Data Intelligence, Business Analytics
I am doing some research to compress data available as tables (rows and columns, or cubes) more efficiently. This is the reverse data science approach: instead of receiving compressed data and applying statistical techniques to extract insights, here, we are looking at uncompressed data, extract all possible insights, and eliminate everything but the insights, to compress the data.
In this process, I was wondering if one can design an algorithm that can compress any data set, by at least one bit. Intuitively, the answer is clearly no, otherwise you could recursilvely compress any data set to 0 bit. Any algorithm will compress some data sets, and make some other data sets bigger after compression. Data that looks random, that has no pattern, can not be compressed. I have seen contests offering an award if you find a compression algorithm that defeats this principle, but it would be a waste of time participating.
But what if you design an algorithm that, when a data set can not be compressed, leaves the data set unchanged? Would you be able, on average, to compress any data set then? Note that if you assemble numbers together to create a data set, the resulting data set would be mostly random. In fact, the vast majority of all data sets, are almost random and not compressible. But data sets resulting from experiments are usually not random, but they represent a tiny minority of all potential data sets. In practice this tiny minority represents all data sets that data scientists are confronted to.
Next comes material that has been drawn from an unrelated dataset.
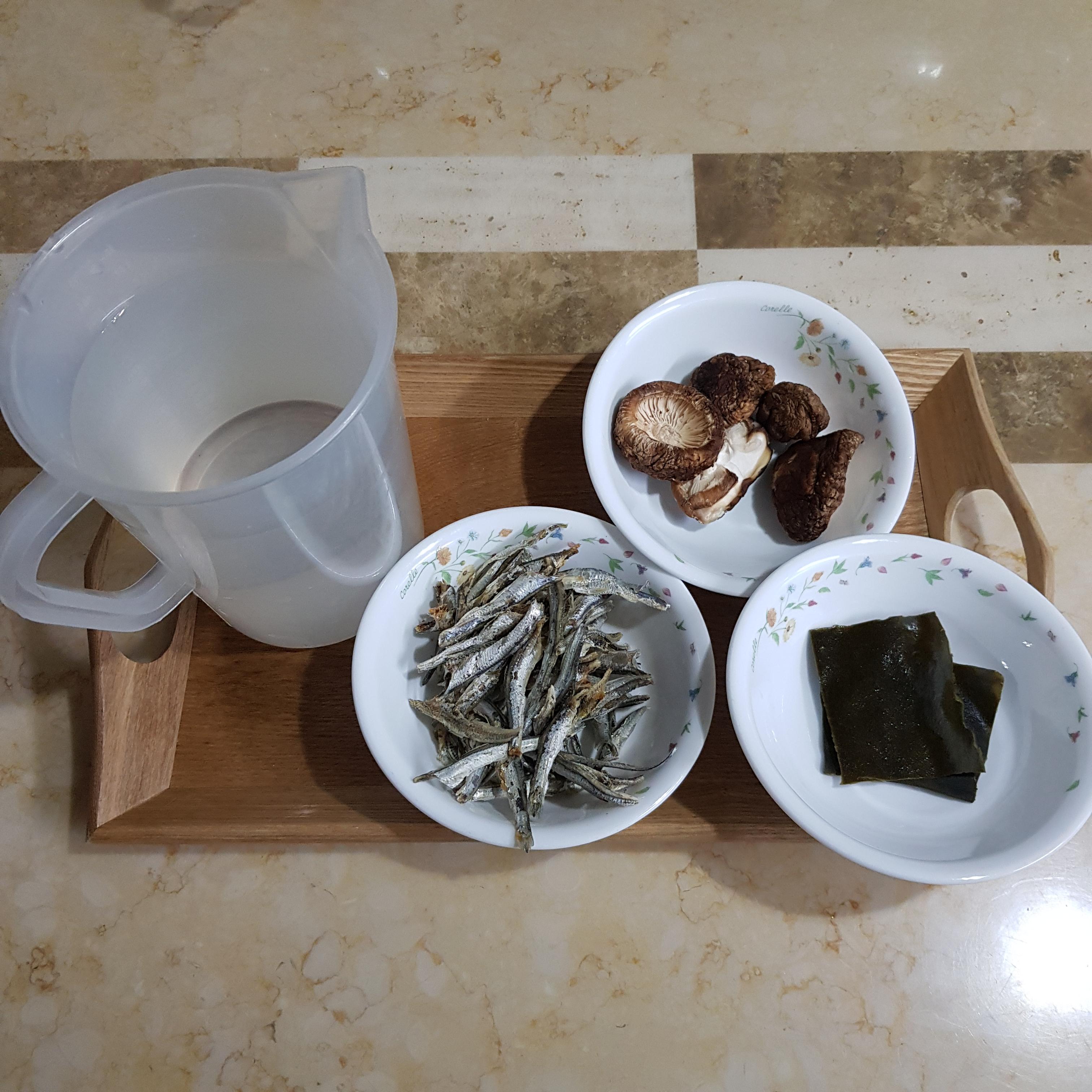 물 1L, 건표고버섯 30g, 국물용 볶음 멸치 30g, 다시마 2장(가로 세로 5cm 크기)

It turns out that the answer is no. Even if you leave uncompressible data sets "as is" and compress those that can be compressed, on average, the compression factor (of any data compression algorithm) will be negative. The explanation is as follows: you need to add 1 bit to any data set: this extra bit tells you whether the data set is compressed using your algorithm, or left uncompressed. This extra bit makes the whole thing impossible. Interestingly, there have been official patents claiming that all data can be compressed. These are snake oil (according to the founder of the GZIP compressing tool), it is amazing that they were approved by the patent office.
Anyway, here's the mathematical proof, in simple words.
Theorem
There is no algorithm that, on average, will successfully compress any data set, even if it leaves uncompressible data sets uncompressed. By average, we mean average computed over all data sets of a pre-specified size. By successfully, we mean that compression factor is better than 1.
Proof
We proceed in two steps. Step #1 is when your data compression algorithm compresses all data sets (out of a universe of k distinct potential data sets) into a compressed data set of the same size (resulting in m different compressed data sets when you compress all the original k datasets, with m < k). Step #2 is when your data compression algorithm produces compressed files of various sizes, depending on the original data set.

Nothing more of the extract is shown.